Swiecki Sprints, Jumps, Throws to Record


Source: ucpioneers.com

Jacqui White, Sports Editor

At the Utica College Invitational, Kyle Swiecki, a senior from Boonville, broke his own school record in the heptathlon on his way to becoming ranked sixth nationally in the event.

The heptathlon, which has seven events, takes place over two days during a single track meet.

“The first day of the track meet there’s four events,” Swiecki said. “Those are the 60 meter, the long jump, the shot put and the high jump.”

The second day of the track meet finishes with the last three events, which are the 60-meter hurdles, the pole vault and the 1,000 meter.

“I beat my record by about 280 points,” Swiecki said.

Swiecki went into the second day with 2,633 points after running the 60-meter dash in 7.43 seconds, throwing the shot put 9.95 meters, jumping 6.55 meters in the long jump and having a clearance of 1.89 meters in the high jump.

Finishing the meet the next day, Swiecki finished the 1,000-meter run with a time of three minutes and two seconds, ran the 60-meter hurdle in 8.90 seconds and cleared 3.65 meters in the pole vault. Swiecki finished the weekend with a score of 4,568, setting a new school record.

Swiecki credited his heptathlon success, in part, to his three practices a day.

“A lot of it is running and also a lot of weight training.” Swiecki said.

Swiecki said that he started running track when he was in sixth grade. In high school, he started doing the hurdle, the long jump and the triple jump.

“When I got to college, I started doing the heptathlon,” Swiecki said.

Swiecki explained that he still has a lot to learn even though he has been doing the heptathlon for three years.

“Pole vault has a lot of technique, so there’s a lot of stuff that I don’t know yet,” he said.

Head coach Eric Parker described the heptathlon as the indoor track version of the decathlon, which the outdoor track team partakes in.

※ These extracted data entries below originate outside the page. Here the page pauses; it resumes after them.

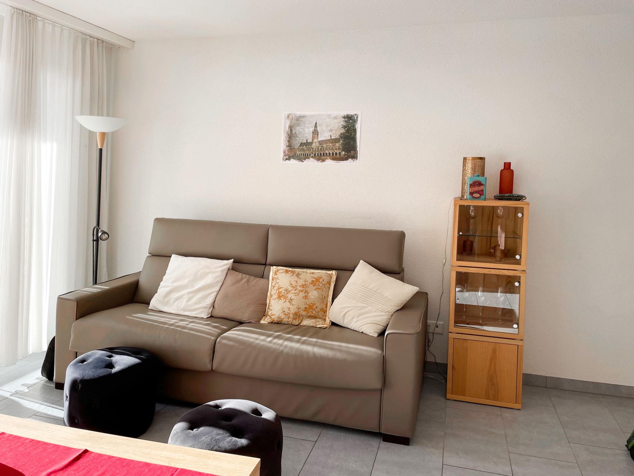 "Wohnung 13", 2-room apartment 49 m2 on 1st floor. Modern and cosy furnishings: living/dining room with 1 double sofabed and cable TV (flat screen). Exit to the balcony. 1 double bedroom. Exit to the balcony. Open kitchen (oven, dishwasher, 4 ceramic glass hob hotplates, microwave). Shower/WC, sep. WC. Balcony 18 m2. Balcony furniture. Beautiful view of the mountains and the countryside. Facilities: Internet (WiFi, free). Garage space n 13. Please note: non-smokers only.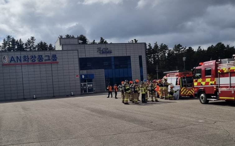 [뉴스노크=김인호 기자] 영동소방서장는 24일 황간면에 위치한 AN화장품 공장에서 가상 화재상황 부여에 따른 충북형 화재진압 현장지휘 전술 훈련을 실시했다.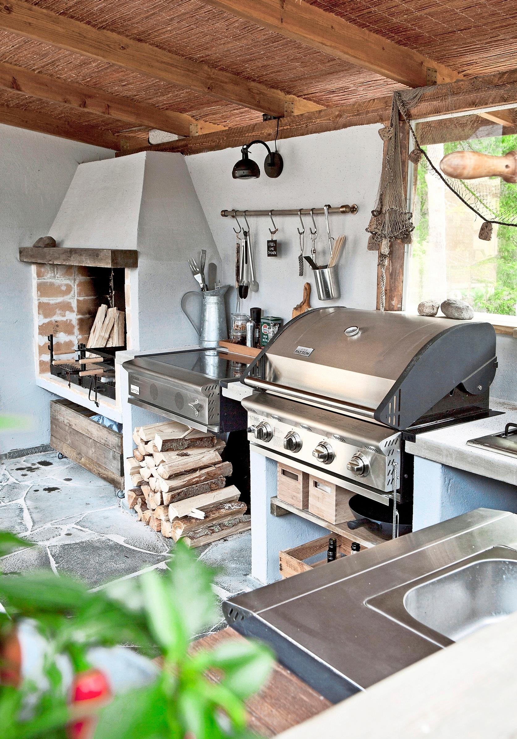 Kokkailupaikka terassille syntyy jo grillistä ja apukeittiötasosta. Säilytä välineet koreissa tai seinällä.

“For each practice session that Kyle has during a week, he’ll practice two to three of the events that will happen at the meet,” Parker said. “He has to have a delicate balance of working on each event.”

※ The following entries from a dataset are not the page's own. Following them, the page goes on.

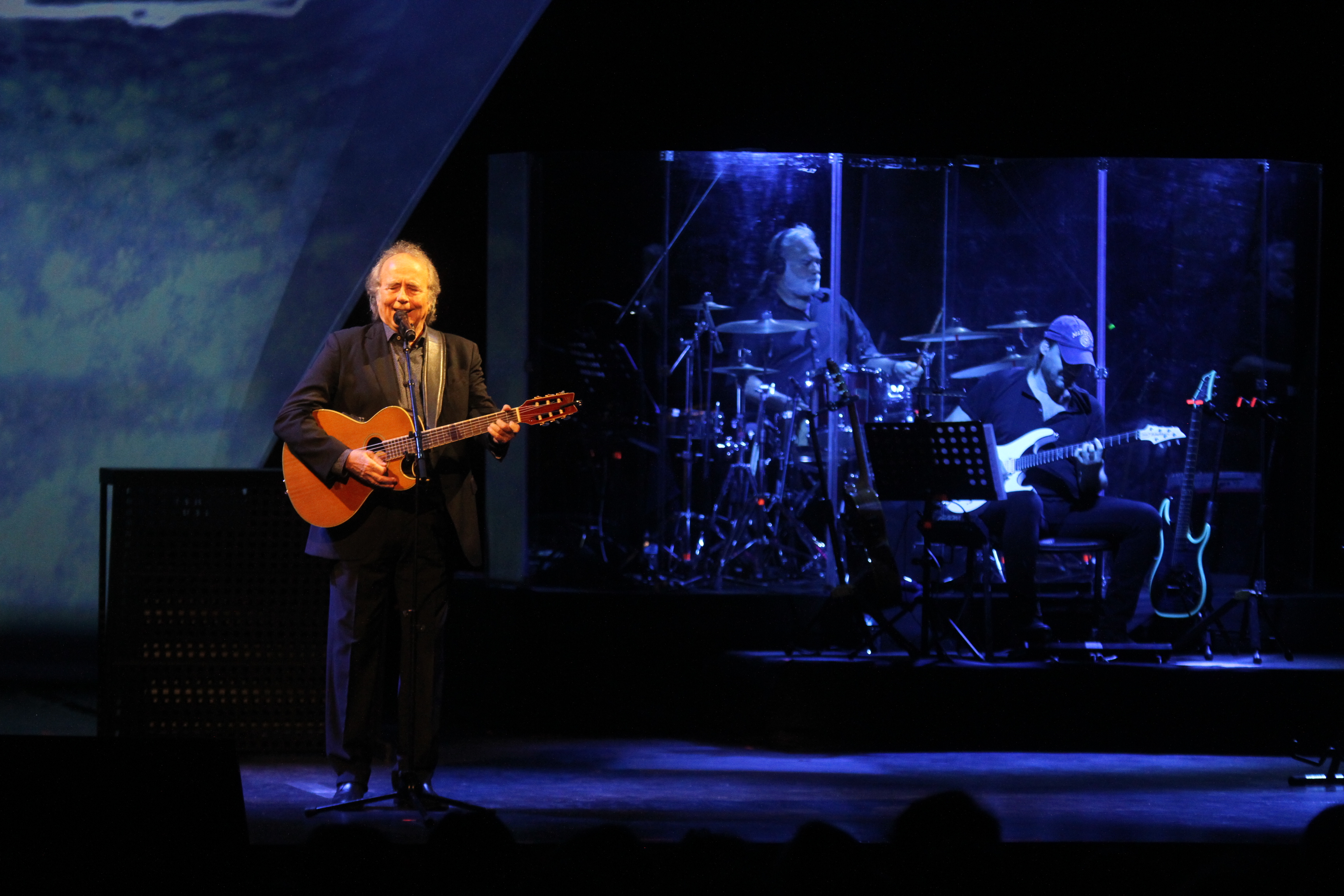 Así, con su voz intacta, el poeta arrancó con Mediterráneo y explicó por qué a la audiencia que lo aplaudió de pie desde que apareció en escena y se colgó la guitarra al hombro, seguido de sus músicos que se dejaron llevar por el capitán de la nave.
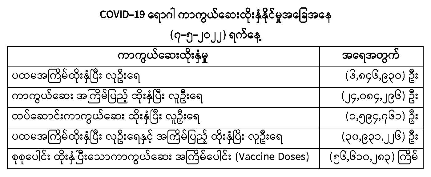 COVID-19 ရောဂါ ကာကွယ်ထိန်းချုပ်ရေးအတွက် တိုင်းဒေသကြီး/ပြည်နယ်များတွင် COVID-19 ရောဂါကာကွယ်ဆေးကို ဦးတည်အုပ်စုများသတ်မှတ်၍ ထိုးနှံပေးလျက်ရှိရာ (၇-၅-၂၀၂၂) ရက်နေ့ အထိ လူဦးရေ စုစုပေါင်း (၃၀,၉၃၁,၂၂၆) ဦးအား ထိုးနှံပေးပြီးဖြစ်၍ ပထမအကြိမ်ထိုးနှံပြီးစီးသူ (၆,၈၄၆,၉၃၀) ဦး၊ ကာကွယ်ဆေးအကြိမ်ပြည့် ထိုးနှံပြီးစီးသူ (၂၄,၀၈၄,၂၉၆) ဦးနှင့် ထပ်ဆောင်း ကာကွယ်ဆေး ထိုးနှံပြီးစီးသူ (၁,၅၉၄,၇၆၁) ဦး ရှိပြီဖြစ်ပါသည်။ သို့ဖြစ်ပါ၍ (၇-၅-၂၀၂၂) ရက်နေ့ အထိ မြန်မာနိုင်ငံတွင် COVID-19 ရောဂါကာကွယ်ဆေး အကြိမ်ရေ စုစုပေါင်း (၅၆,၆၁၀,၂၈၃) ကြိမ် ထိုးနှံပြီး ဖြစ်ပါသည်။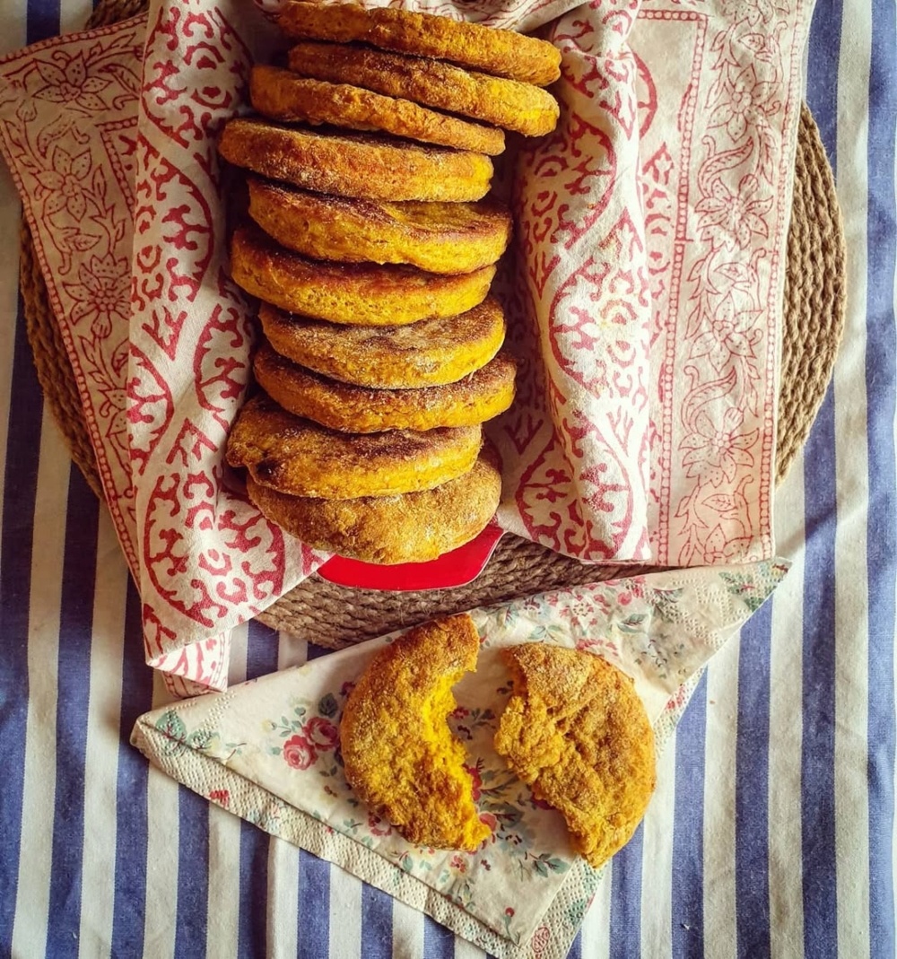 La receta lleva zapallo cocido, harina (integral, blanca o de avena), sal, polvo de hornear y aceite de oliva. Estos ingredientes los mezcla para formar una masa homogénea, que estira y luego corta con un molde antes de pasarlas al horno.

Parker said that when Swiecki first came to Utica they did not start him as a heptathlete right away.

“Kyle had to learn how to throw discus and to throw javelin before he could start doing the heptathlon,” Parker said.

Parker said that they developed Swiecki in multiple events, wanting him to learn the different techniques of each event before having him compete in the heptathlons.

“We wanted him to get stronger, faster and more explosive before he started the heptathlons,” Parker said.

Parker explained that during winter break Swiecki and other athletes have four weeks to themselves to try and stay in shape without the guidance of coaches.

“Kyle was one of the kids I saw at the dome almost every single day,” he said.